» **Work item**: Reproduce the records below exactly, leaving their images out.

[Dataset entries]
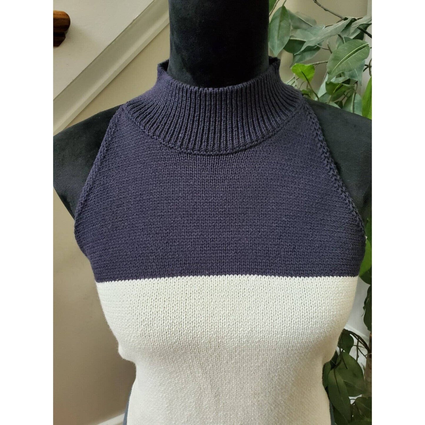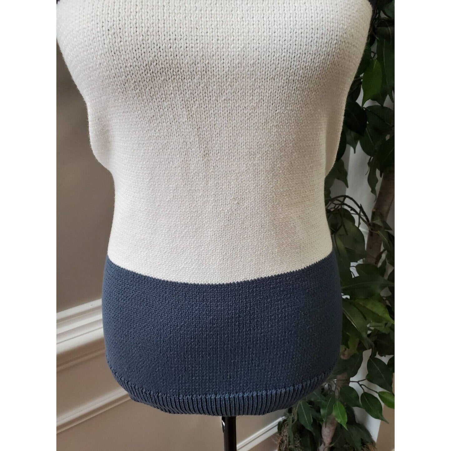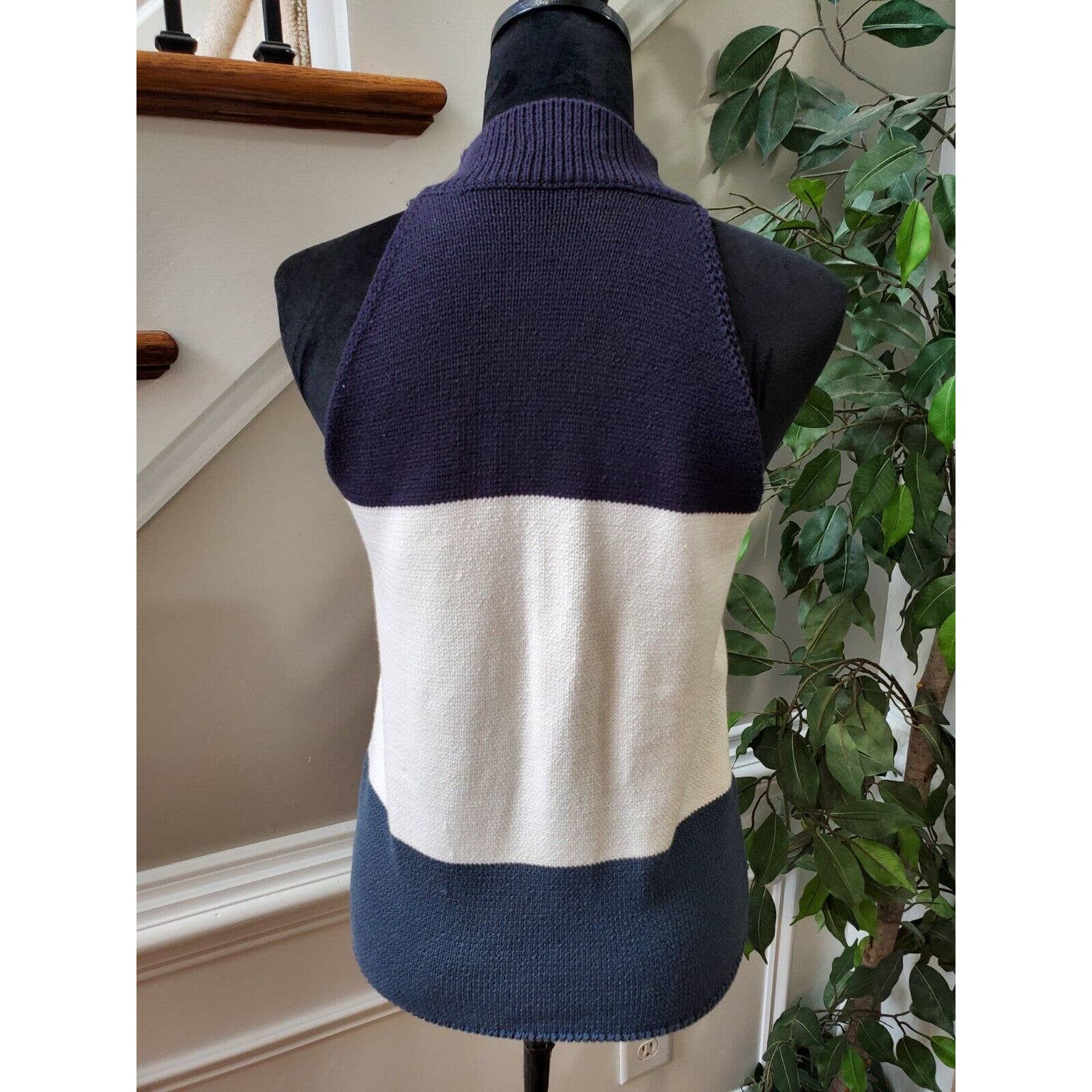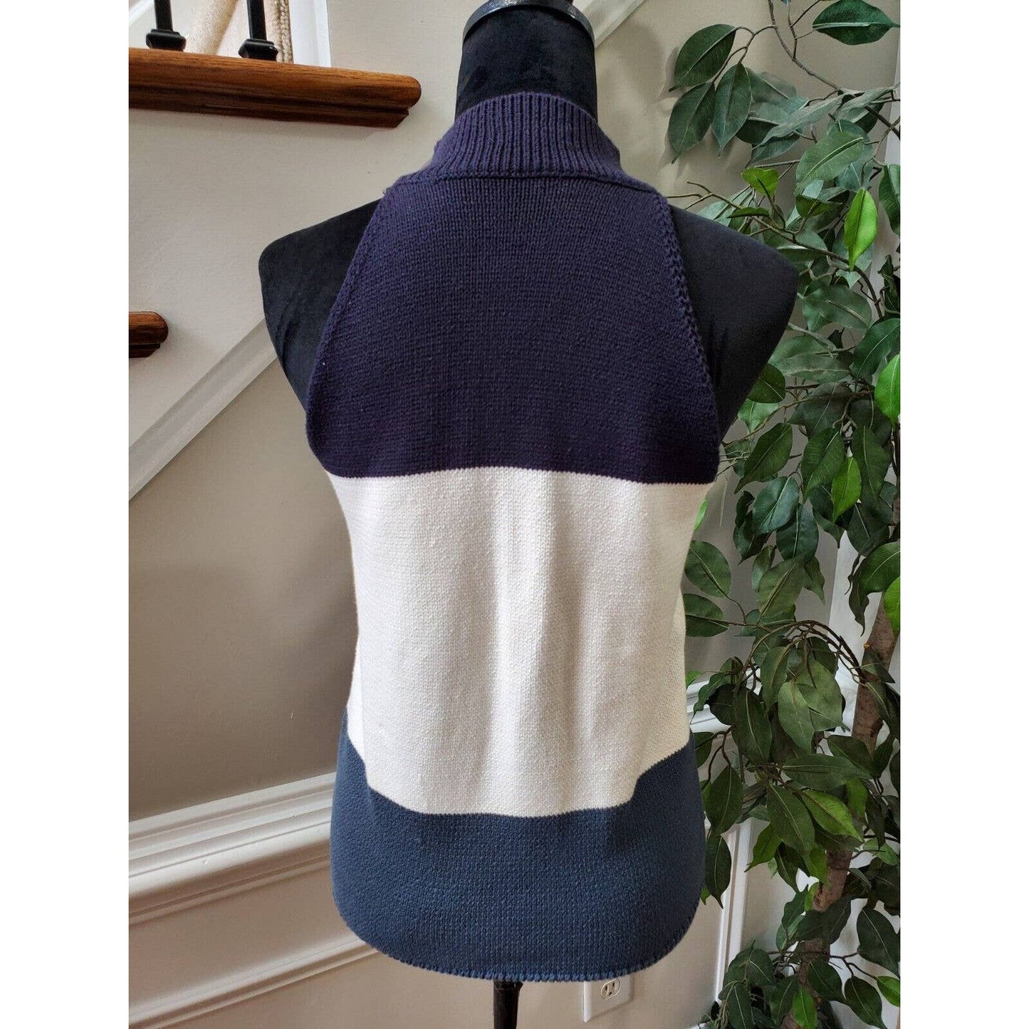 Premise Women's Blue & White Cotton Mock Neck Sleeveless Pullover Sweater Size M.
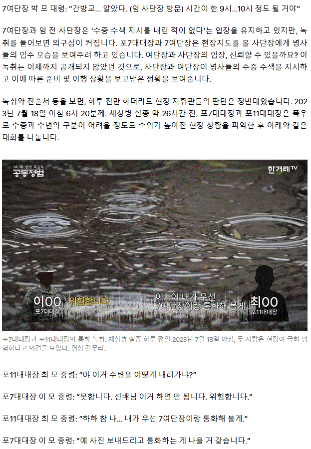 [단독] 채상병 사망 전, 녹취 음성 입수…“사단장께서 정상적으로”
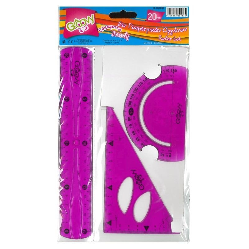 Σετ γεωμετρικών οργάνων 3 τεμαχίων. Διάσταση χάρακα 20 εκατοστά. Περιέχει επίσης ένα τρίγωνο και ένα μοιρογνωμόνιο.
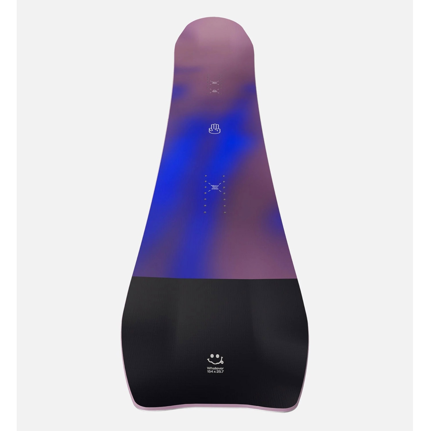 Deska Whatever má sice nepopiratelný directional tvar, její kontaktní plocha se ale chová jako true twin. Získáš tak kombinaci obou tvarů pro skutečnou všestrannost bez kompromisu na výkonu. Toto prkno totiž ctí své jméno a poradí si opravdu s čímkoli. Chceš se vrhnout na překážky v parku? Rozdrtit sjezdovku, nebo se pořádně vyřádit v prašanu? Whatever! To je tvoje odpověď.
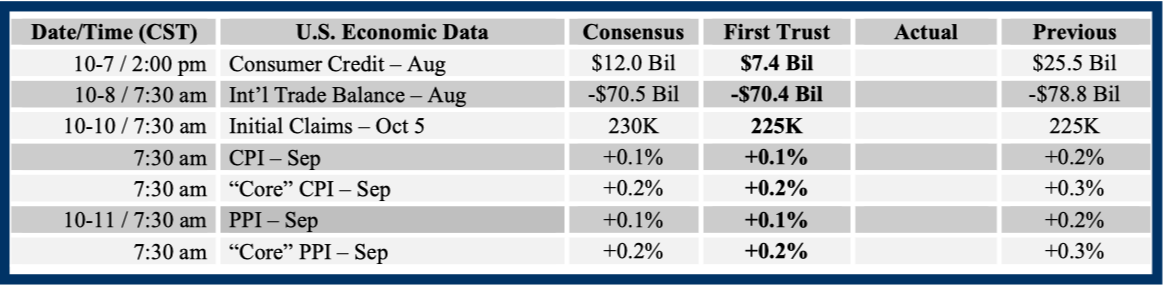 Consensus forecasts come from Bloomberg. This report was prepared by First Trust Advisors L. P., and reflects the current opinion of the authors. It is based upon sources and data believed to be accurate and reliable. Opinions and forward looking statements expressed are subject to change without notice. This information does not constitute a solicitation or an offer to buy or sell any security.

» **Solution to this exercise**:
 Premise Women's Blue & White Cotton Mock Neck Sleeveless Pullover Sweater Size M.
 [단독] 채상병 사망 전, 녹취 음성 입수…“사단장께서 정상적으로”
 Σετ γεωμετρικών οργάνων 3 τεμαχίων. Διάσταση χάρακα 20 εκατοστά. Περιέχει επίσης ένα τρίγωνο και ένα μοιρογνωμόνιο.
 Deska Whatever má sice nepopiratelný directional tvar, její kontaktní plocha se ale chová jako true twin. Získáš tak kombinaci obou tvarů pro skutečnou všestrannost bez kompromisu na výkonu. Toto prkno totiž ctí své jméno a poradí si opravdu s čímkoli. Chceš se vrhnout na překážky v parku? Rozdrtit sjezdovku, nebo se pořádně vyřádit v prašanu? Whatever! To je tvoje odpověď.
 Consensus forecasts come from Bloomberg. This report was prepared by First Trust Advisors L. P., and reflects the current opinion of the authors. It is based upon sources and data believed to be accurate and reliable. Opinions and forward looking statements expressed are subject to change without notice. This information does not constitute a solicitation or an offer to buy or sell any security.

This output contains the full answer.